Officials attending the meeting told the FE that since the repayment to Russia against the borrowings for the Rooppur nuclear power plant (RNPP) project had been put on hold for the US sanctions on Moscow and on the payments gateway, the IMF suggested that Bangladesh keep smooth repayment facilities available in its account.

Bangladesh couldn't pay two interest installments on the disbursed loan amount against the US$11.38 billion worth of Russia-confirmed loan.

The government in July 2016 signed the loan deal with Russia with maturity in 30 years with a grace period of 10 years.

According to the agreement, the interest rate on the loan is LIBOR plus 1.75 per cent. However, the interest rate now could exceed 4.0 per cent in any case of LIBOR-rate fluctuations.

The principal amount of the loan will have to be repaid after June 2027 as the 10-year grace period will end by then.

Currently, Bangladesh government repays interest on the disbursed amount against the $11.38 billion worth of confirmed credit.

As such, the IMF advises the ERD to deposit the funds equivalent to the due repayment amount into a account at the central bank or at Sonali Bank, from where the government usually repays debts to the overseas lenders.

"Bangladesh government is ready to repay the Russian loan when the payment channel will open," the Fund executives were told.

"The government is also working to find out ways of the repayment of the Russian loan for the Rooppur power-plant project if the two sides agree," the official said.

Meanwhile, the delegation in another meeting on the day inquired about the reforms carried out to make Bangladesh's investment climate friendlier to attract more investments.

The delegation, which is now scrutinising financial health of the country before deciding on a budget- support loan talked to officials of the Bangladesh Investment Development Authority (BIDA) at its office.

Also, the IMF officials wanted to know what other reform measures are underway and the future reform plans, sources said.

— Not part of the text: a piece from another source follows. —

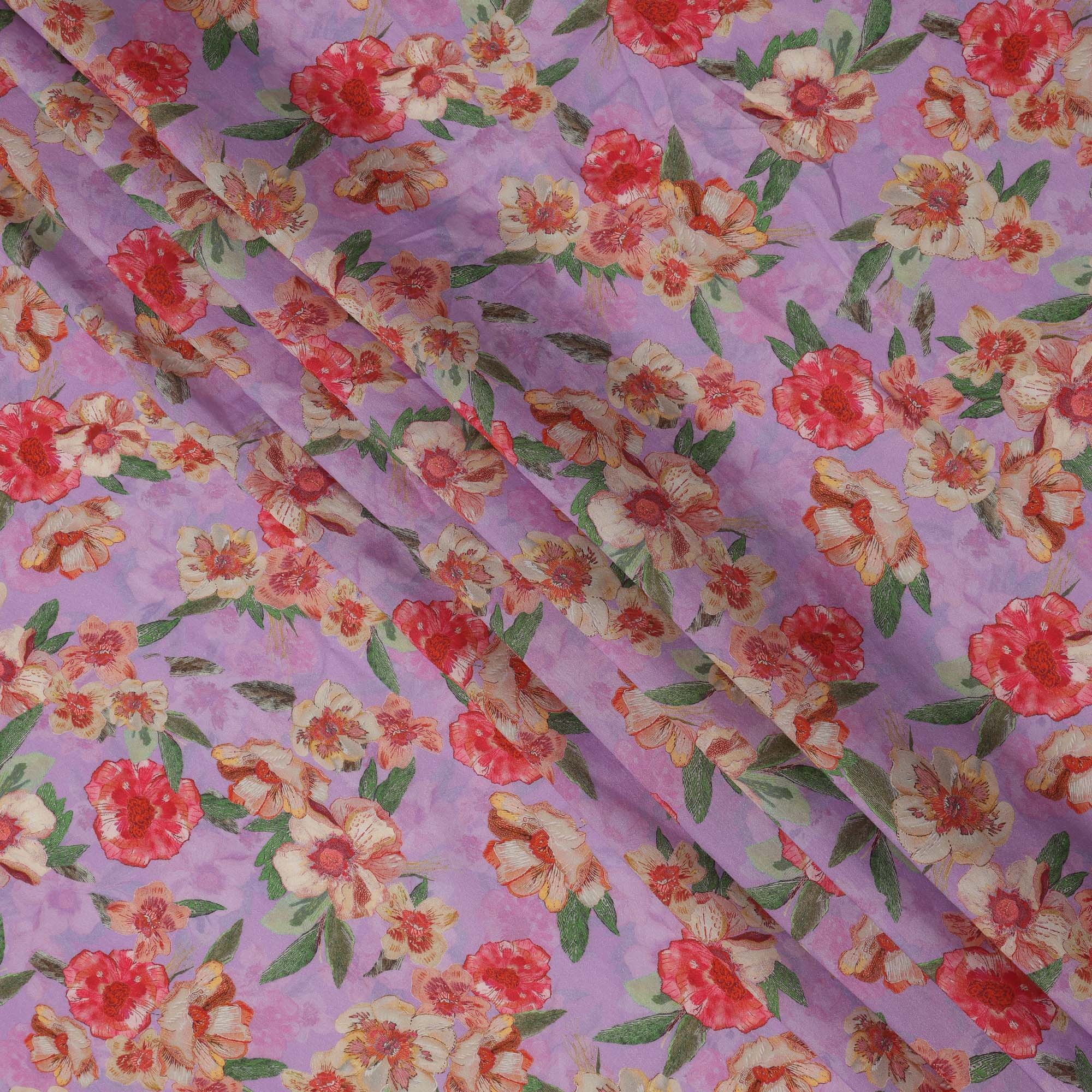 Infuse your creations with vibrant floral elegance through this Lavender Base Red and Ivory Floral Printed Viscose Crepe Fabric, thoughtfully... Read more Read more

A senior BIDA official, who was present at the meeting, told the FE in the recent years BIDA had conducted some "important" reforms to make doing business easier in Bangladesh.

The IMF team has been apprised about the BDIA activities, he said.

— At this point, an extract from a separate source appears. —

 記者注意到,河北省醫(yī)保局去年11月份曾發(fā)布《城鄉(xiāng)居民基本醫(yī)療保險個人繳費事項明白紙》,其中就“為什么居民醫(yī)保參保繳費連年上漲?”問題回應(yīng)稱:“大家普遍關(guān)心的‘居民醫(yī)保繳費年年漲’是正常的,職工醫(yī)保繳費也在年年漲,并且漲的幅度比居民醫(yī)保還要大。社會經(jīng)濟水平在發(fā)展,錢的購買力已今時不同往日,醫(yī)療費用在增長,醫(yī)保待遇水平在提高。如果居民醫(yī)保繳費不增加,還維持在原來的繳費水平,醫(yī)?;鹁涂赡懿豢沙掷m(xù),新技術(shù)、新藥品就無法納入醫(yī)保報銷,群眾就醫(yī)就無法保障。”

At the meeting, he said, the IMF team was informed about the success stories of the Bangladesh Export Processing Zone Authority (BEPZA). Also the investment situation in economic zones has been described.

Sources said the now-defunct ease-of-doing-business index of the World Bank came into discussion at the meeting. The BIDA officials informed the IMF team that the authority has been preparing a similar index to keep tally what has been done so far and what more need to be done in the future to make investment attractive in Bangladesh.